Sanctuary City (Chiswick Women’s Refuge), 2024. Courtesy Yinka Shonibare CBE and Goodman Gallery, Cape Town, Johannesburg, London and New York, James Cohan Gallery, New York, and Stephen Friedman Gallery, London and New York. [© Stephen White & Co]

 

And 32 years after his first showing at the Serpentine, its bosses Bettina Korek and Hans Ulrich Obrist welcomed him back, referring to Shonibare’s “career-long interrogation of colonial histories and the legacies of public art”. They said his work epitomised the galleries’ mission of building new connections between artists and society.

And what connections there are!

With many and varied works – sculptures, quilts, woodcut prints and more – its themes aim to cover issues from colonial power and imperialism to migration, refuge, and shelter.

Two new large-scale installations are Sanctuary City and The War Library.

The former has miniature representations of buildings that have been used for refuge, highlighting the shelter crisis, which Shonibare sees as “one of the most pressing political concerns right now”.

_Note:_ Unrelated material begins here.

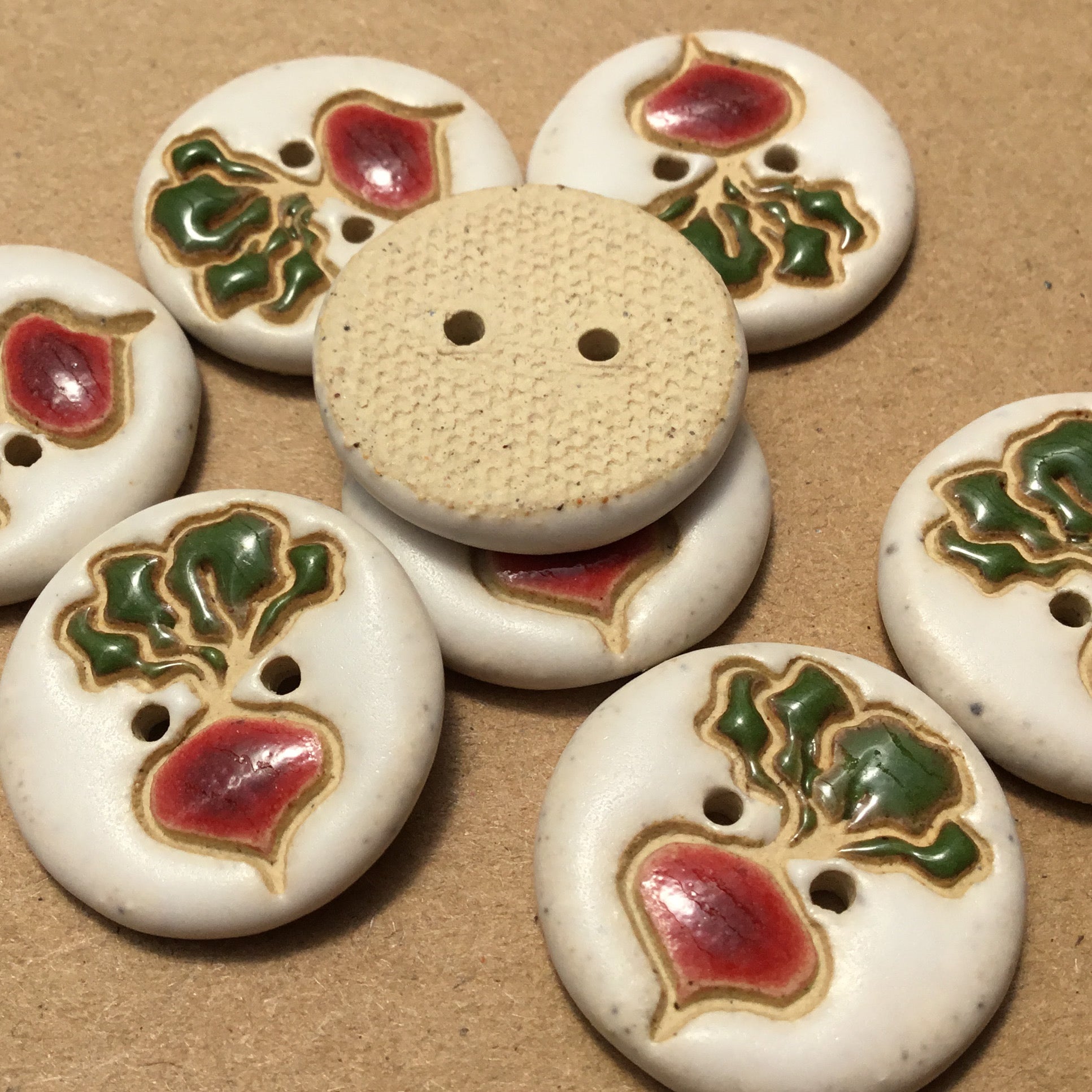 These Garden Beet Buttons are perfect for adding a unique, rustic touch to handmade clothing. Made from stoneware with a matte finish, they'll provide an earthy charm to your creations.

The latter, the latest addition to his “library” series, has 5,000 titles, bound in Shonibare’s familiar Dutch wax print – itself a symbol of cultural interaction, clash, and complexity between Europe and Africa – with gold lettering on the spines. The “titles” include wars, battles and peace treaties.

A section drawing on the Mappa Mundi, “…reflects our contemporary concerns of fear of the stranger or ‘other’ which often leads to xenophobia”, Shonibare said.

And there is Decolonised Structures, his scaled-down “replicas” of London public monuments including those to Churchill, Victoria, Kitchener, Roberts, Pitt, et al, with the aim “…to question their continued presence in the public realm”, according to the Serpentine.

These are challenging themes, of course; but while they may be timely, there is a domestic three-and-a-bit-nation general election in the offing, and it may be Shonibare’s reputation that will be the most important element in securing success for Suspended States over the next 20 or so weeks.

In the meantime that international reputation is set for a boost later in the month with the artist exhibiting at the 2024 Venice Biennale, including at the Nigerian Pavilion as part of Nigerian Imaginary looking to that country’s present and future.